В то же время в концовке «Пира» сказывается характерная особенность многих пушкинских финалов: при внешней фабульной словно бы незавершенности, их исключительная внутренняя весомость, глубокая содержательность, перспективность. Мы не знаем, что дальше будет с Вальсингамом, но вместе с тем для нас ясно: мы расстаемся с ним в минуты переживаемого им глубочайшего душевного кризиса, из числа тех, что переворачивают и заново перестраивают всю жизнь человека. Подобный же характер имеет финал и другой маленькой трагедии Пушкина — «Моцарт и Сальери», завершающейся, как мы вспомним, безответным вопросом, заданным себе Сальери, о «совместности» гения и злодейства.

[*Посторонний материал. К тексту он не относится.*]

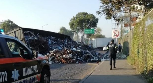 Mientras que en la carretera México-Querétaro, en el sentido norte a sur, pasando la caseta de Tepotzotlán, un tráiler con contenedor se volcó sobre su costado derecho, la mercancía consistente en chatarra quedó afectando los carriles laterales de la circulación, no se reportan personas con lesiones de consideración.

Причем сама эта безответность полнее и ярче всего раскрывает перед нами всю безысходность страданий убийцы.
Основной пафос «Пира» — моральная победа, торжество высокого человеческого духа над смертью, осуществляемое на путях вечно женственного — самоотверженной, самозабвенной любви (песня Мери) — и вечно мужественного — бесстрашного вызова смерти («гимн в честь чумы»). «Гимн» вложен в уста Вальсингама, представляя собой своего рода монолог, ярко раскрывающий его душевное состояние перед лицом того, что «грозит гибелью». Но вместе с тем он органически входит в русскую поэзию, перекликаясь с некоторыми стихами на тему о смерти в лирике и самого Пушкина и поэтов, ему предшествовавших. В частности, несомненна перекличка «гимна» с самым значительным произведением этого рода предпушкинской поры — особенно ценимой самим Пушкиным одой Державина «На смерть князя Мещерского». С одинаковой силой в обоих стихотворениях передано ощущение человека, находящегося «бездны на краю» (это выражение прямо вошло в «гимн в честь чумы» из оды Державина) — лицом к лицу с неотвратимо угрожающей смертью. Но на неизбежность смерти Державин в этом стихотворении, как и в ряде других своих стихов, отвечает — в духе эпикурейского жизнеощущения русского вельможества XVIII века — призывом устроить жизнь «себе к покою» — наслаждаться «пролетным мгновением», «благоуханьем роз». В отличие от почти идиллической концовки оды Державина, отношение к смерти, которое с такой силой выражено в «гимне в честь чумы» носит совсем иной, глубоко и подлинно трагический характер. Подобно Дон Гуану, подающему руку статуе командора, Вальсингам не робеет перед смертью, не прячется от нее, а вступает с ней в единоборство, как с враждебной человеку стихией, и, хотя не властен одолеть ее, не сдается ей до самого конца, тем самым испытывая ощущение величайшего торжества, одерживая внутреннюю над ней победу.
Маленькие трагедии являются одним из самых великих созданий пушкинского гения. Имели они и очень большое значение для развития всей русской литературы. Однако значение это — не только при их появлении, но и много спустя — было и недопонято и недооценено. Даже Белинский, который, по его собственным словам, был изумлен их «художественным совершенством», их «творческою глубиною», который не обинуясь относил их к числу «лучших творений» Пушкина, именуя каждое из них «чудом» искусства (VII, 104, 347, 560), дав блистательный их анализ, вместе с тем считал, что поэт уходил в них от живых и насущных вопросов своей современности в отрешенную от текущего дня область «искусства как искусства». Согласиться с этим никак нельзя.